▸ **RECORDS SUPPLIED**
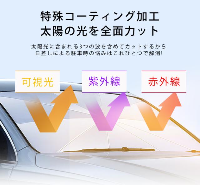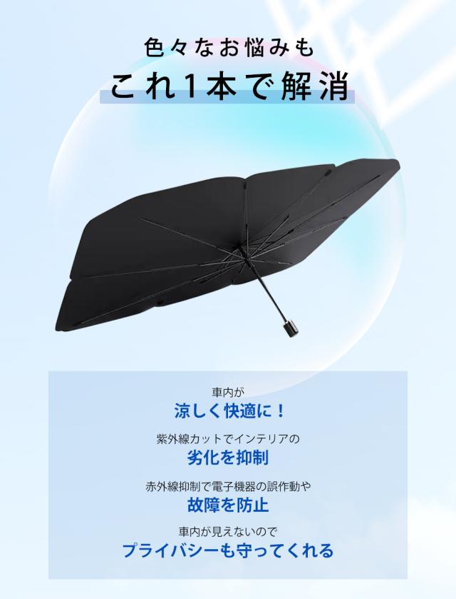 2サイズ選択可能で99%の車のフロントガラスに対応できます。軽自動車、ビジネス車、SUV、MPVなどの中大型車もコンパクトカー、スポーツカーなどの小型車も使用できます。普段駐車時の日除け用だけでなく、車中泊や仮眠時にプライバシーの保護に役に立てます。雨の日に傘を忘れた時本製品も仮の傘として使用でき、炎天下でも仮の日傘として使われます。
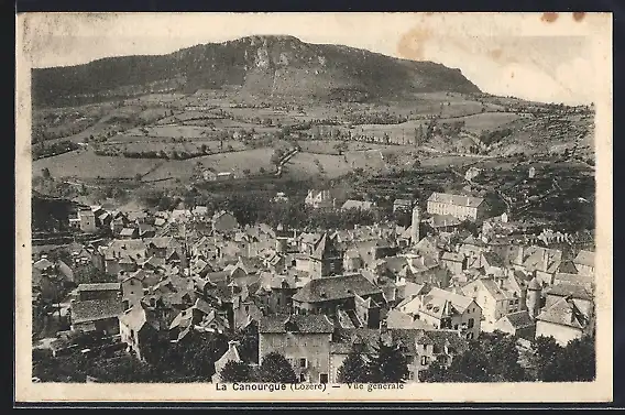AK La Canourgue, Vue générale du village et des collines environnantes
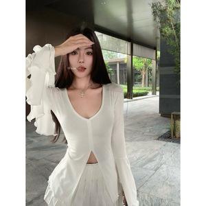 アメリカのギャルvネックのラッパの袖のtシャツの女性の秋の修身はやせているデザイン感が現れます。
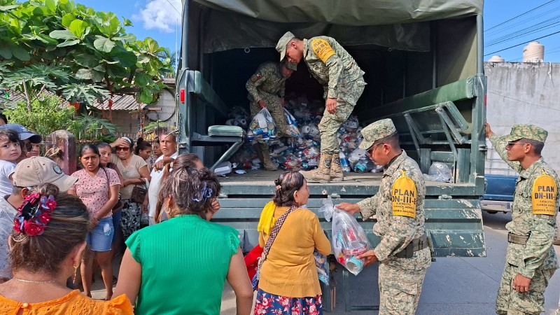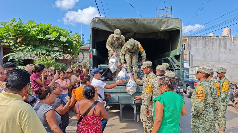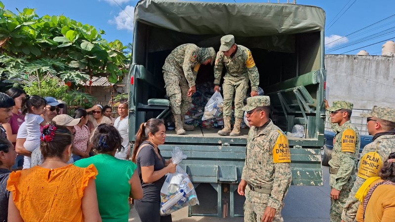 La mañana de este martes, elementos de la Sedena implementaron el Plan DN-III-E, realizando la entrega de despensas y artículos de primera necesidad a las familias damnificadas. Este plan de apoyo humanitario se activó de manera inmediata tras las afectaciones ocasionadas por las lluvias.
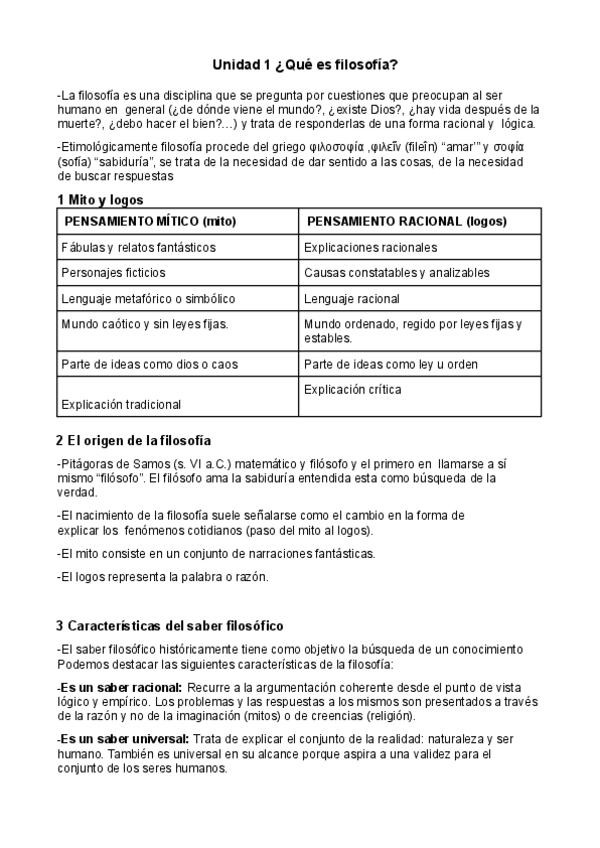 Esquema Tema 1 Filosofía 1 Bach
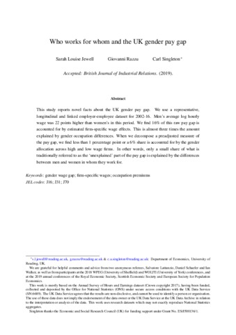Uncontrolled Keywords | gender wage gap, firm-specific wages, occupation premiums |
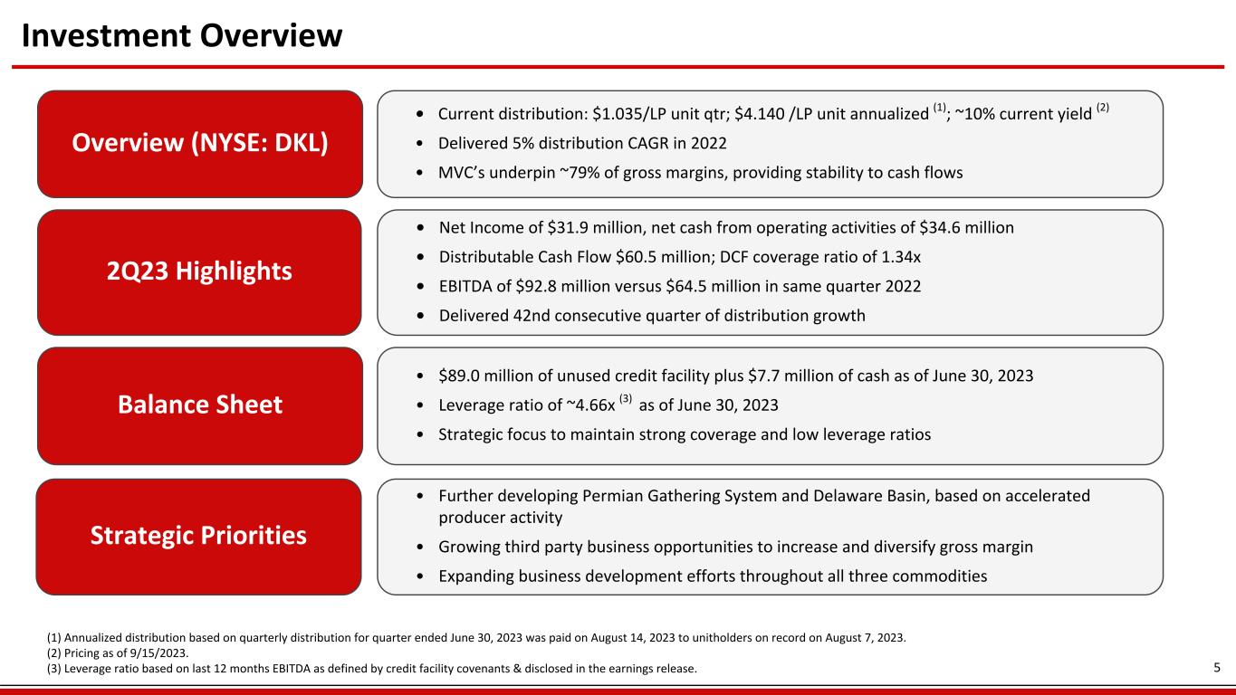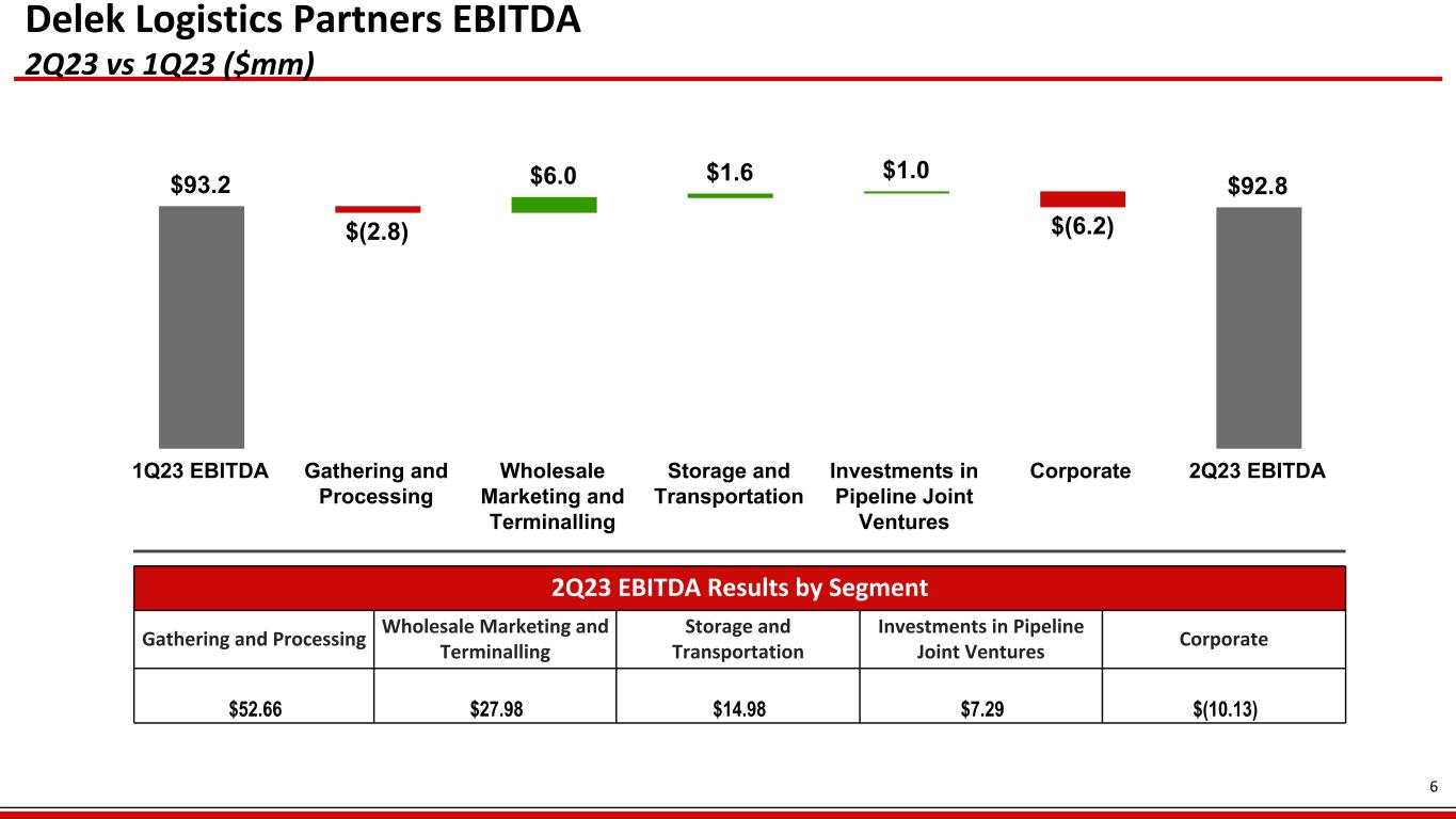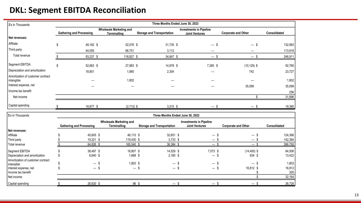 DKL: Segment EBITDA Reconciliation $'s In Thousands Three Months Ended June 30, 2023 Gathering and Processing Wholesale Marketing and Terminalling Storage and Transportation Investments in Pipeline Joint Ventures Corporate and Other Consolidated Net revenues: Affiliate $ 49,182 $ 52,076 $ 31,735 $ — $ — $ 132,993 Third party 44,055 66,751 3,112 — — 113,918 Total revenue $ 93,237 $ 118,827 $ 34,847 $ — $ — $ 246,911 Segment EBITDA $ 52,663 $ 27,983 $ 14,978 $ 7,285 $ (10,129) $ 92,780 Depreciation and amortization 18,801 1,880 2,304 — 742 23,727 Amortization of customer contract intangible — 1,802 — — — 1,802 Interest expense, net — — — — 35,099 35,099 Income tax benefit 256 Net income $ 31,896 Capital spending $ 18,877 $ (2,712) $ 3,215 $ — $ — $ 19,380 $'s In Thousands Three Months Ended June 30, 2022 Gathering and Processing Wholesale Marketing and Terminalling Storage and Transportation Investments in Pipeline Joint Ventures Corporate and Other Consolidated Net revenues: Affiliate $ 45,605 $ 46,110 $ 32,651 $ — $ — $ 124,366 Third party $ 19,221 $ 119,430 $ 3,733 $ — $ — $ 142,384 Total revenue $ 64,826 $ 165,540 $ 36,384 $ — $ — $ 266,750 Segment EBITDA $ 38,497 $ 18,807 $ 14,529 $ 7,073 $ (14,400) $ 64,506 Depreciation and amortization $ 8,640 $ 1,668 $ 2,180 $ — $ 934 $ 13,422 Amortization of customer contract intangible $ — $ 1,803 $ — $ — $ — $ 1,803 Interest expense, net $ — $ — $ — $ — $ 16,812 $ 16,812 Income tax benefit $ 305 Net income $ 32,164 Capital spending $ 26,630 $ 96 $ — $ — $ — $ 26,726 13

▸ **EXERCISE**
Output the entries above exactly. Do not include the pictures.

▸ **SOLUTION TO THE EXERCISE**
 2サイズ選択可能で99%の車のフロントガラスに対応できます。軽自動車、ビジネス車、SUV、MPVなどの中大型車もコンパクトカー、スポーツカーなどの小型車も使用できます。普段駐車時の日除け用だけでなく、車中泊や仮眠時にプライバシーの保護に役に立てます。雨の日に傘を忘れた時本製品も仮の傘として使用でき、炎天下でも仮の日傘として使われます。
AK La Canourgue, Vue générale du village et des collines environnantes
 アメリカのギャルvネックのラッパの袖のtシャツの女性の秋の修身はやせているデザイン感が現れます。
 La mañana de este martes, elementos de la Sedena implementaron el Plan DN-III-E, realizando la entrega de despensas y artículos de primera necesidad a las familias damnificadas. Este plan de apoyo humanitario se activó de manera inmediata tras las afectaciones ocasionadas por las lluvias.
 Esquema Tema 1 Filosofía 1 Bach
Uncontrolled Keywords | gender wage gap, firm-specific wages, occupation premiums |
 DKL: Segment EBITDA Reconciliation $'s In Thousands Three Months Ended June 30, 2023 Gathering and Processing Wholesale Marketing and Terminalling Storage and Transportation Investments in Pipeline Joint Ventures Corporate and Other Consolidated Net revenues: Affiliate $ 49,182 $ 52,076 $ 31,735 $ — $ — $ 132,993 Third party 44,055 66,751 3,112 — — 113,918 Total revenue $ 93,237 $ 118,827 $ 34,847 $ — $ — $ 246,911 Segment EBITDA $ 52,663 $ 27,983 $ 14,978 $ 7,285 $ (10,129) $ 92,780 Depreciation and amortization 18,801 1,880 2,304 — 742 23,727 Amortization of customer contract intangible — 1,802 — — — 1,802 Interest expense, net — — — — 35,099 35,099 Income tax benefit 256 Net income $ 31,896 Capital spending $ 18,877 $ (2,712) $ 3,215 $ — $ — $ 19,380 $'s In Thousands Three Months Ended June 30, 2022 Gathering and Processing Wholesale Marketing and Terminalling Storage and Transportation Investments in Pipeline Joint Ventures Corporate and Other Consolidated Net revenues: Affiliate $ 45,605 $ 46,110 $ 32,651 $ — $ — $ 124,366 Third party $ 19,221 $ 119,430 $ 3,733 $ — $ — $ 142,384 Total revenue $ 64,826 $ 165,540 $ 36,384 $ — $ — $ 266,750 Segment EBITDA $ 38,497 $ 18,807 $ 14,529 $ 7,073 $ (14,400) $ 64,506 Depreciation and amortization $ 8,640 $ 1,668 $ 2,180 $ — $ 934 $ 13,422 Amortization of customer contract intangible $ — $ 1,803 $ — $ — $ — $ 1,803 Interest expense, net $ — $ — $ — $ — $ 16,812 $ 16,812 Income tax benefit $ 305 Net income $ 32,164 Capital spending $ 26,630 $ 96 $ — $ — $ — $ 26,726 13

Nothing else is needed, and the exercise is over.